Thursday, 4 August 2022


Adjournment

Health care sustainability


Health care sustainability

Dr READ (Brunswick) (17:24): (6472) My adjournment matter is for the Minister for Health, and the action I seek is for the minister to establish a sustainable health care unit within the Department of Health. Health care is a large and growing sector of the Victorian economy, and nationally it is estimated to account for around 7 per cent of our greenhouse gas emissions. Many hospital staff are dismayed at the volume of waste they throw out daily, and this has increased with COVID. They worry too about emissions and the many impacts of global warming on health. I recall seeing a nurse a few years ago throwing out unopened packs containing resuscitation bag and mask kits, worth about $40 each, simply because they had passed their use-by date. She complained that they would probably be fine for another 10 years. She is one of many health workers who want their work to protect and improve health and wellbeing but are increasingly worried that the health sector is part of the problem. Motivated staff are often also frustrated by a number of barriers, including a lack of enthusiasm at some levels of management and uncertainty around questions like what equipment can safely be re-used without risk of infection, and will the energy used in sterilising equipment undo any sustainability gains?

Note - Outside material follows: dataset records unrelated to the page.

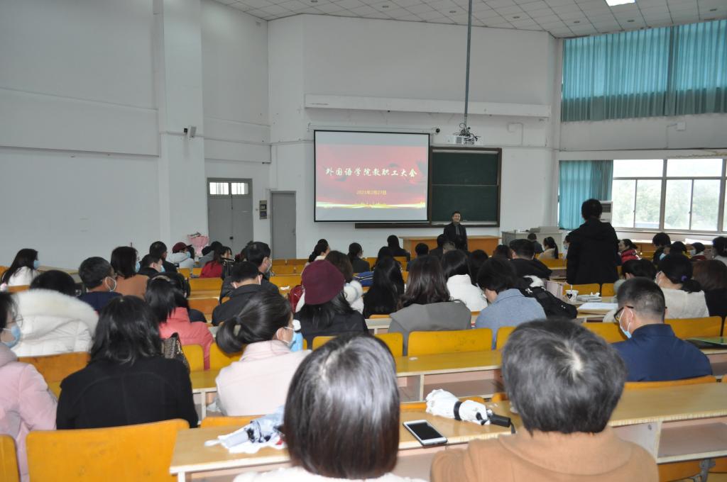 2月27日上午,同人漫画 在外语楼310召开2021年第一次全体教职工大会,谋划部署新学期开学工作。会议由院长唐艳芳主持,学院全体教职工参加。
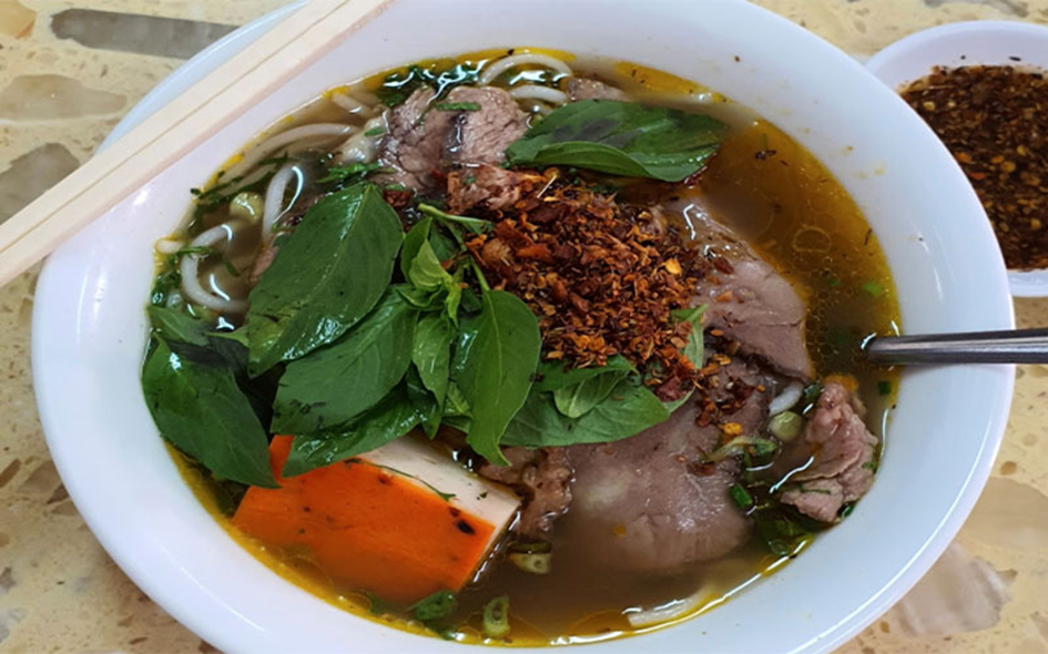 Bún Bò Huế (Hue – style beef noodle soup): Popular Vietnamese hot beef noodle soup with rice vermicelli and meat is Hue beef noodle soup.
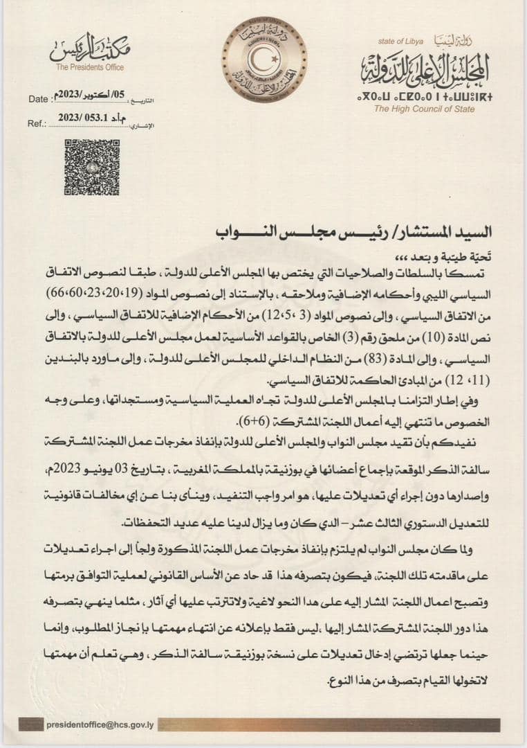 وفي سياقٍ ذي صلة، خاطب رئيس المجلس الأعلى للدولة محمد تكالة، رئيس مجلس المفوضية الوطنية العليا للانتخابات عماد السائح، بكتاب رسمي تضمن تأكيدًا على ضرورة التقيد بالتعديل الدستوري الثالث عشر، والامتناع عن تنفيذ أي تشريعات مخالفة لنسخة القوانين الانتخابية الأولى الموقعة في بوزنيقة، بما يكفل للمفوضية النأي عن أية تجاذبات سياسية، واستمرارها في الحفاظ على دورها الشفاف والمحايد، ويضمن تحريها الدقة في تطبيق تشريعات انتخابية غير معيبة تؤدي إلى الاستقرار المنشود، بحسب الخطاب.

Clinicians and researchers in the Victorian public health system are working together to find answers, but a sustainability unit would coordinate their efforts and turn their work into guidelines for the whole system, maximising the environmental and financial gains. The new health care sustainability unit would harness the considerable purchasing power of the state’s public health system to choose medicines and other products with lower carbon footprints. It would guide all of those things and both drive and monitor our health system’s progress towards decarbonising. The AMA, the Royal Australasian College of Physicians, the Climate and Health Alliance and Doctors for the Environment Australia, who, by the way, came to visit me last week, have all called for such a unit at both national and state levels, and it makes sense to have a state unit to work with what we hope will be a new federal unit and to liaise with industry and the private health sector.

I applaud the government’s decision to ensure that in future new hospitals will be all electric and that all public hospitals will be powered by renewable energy from 2025, but let us not stop there. The British National Health Service has a sustainable health care unit which is more than paying for itself with the savings it has generated, and I encourage the minister to establish one in Victoria without delay.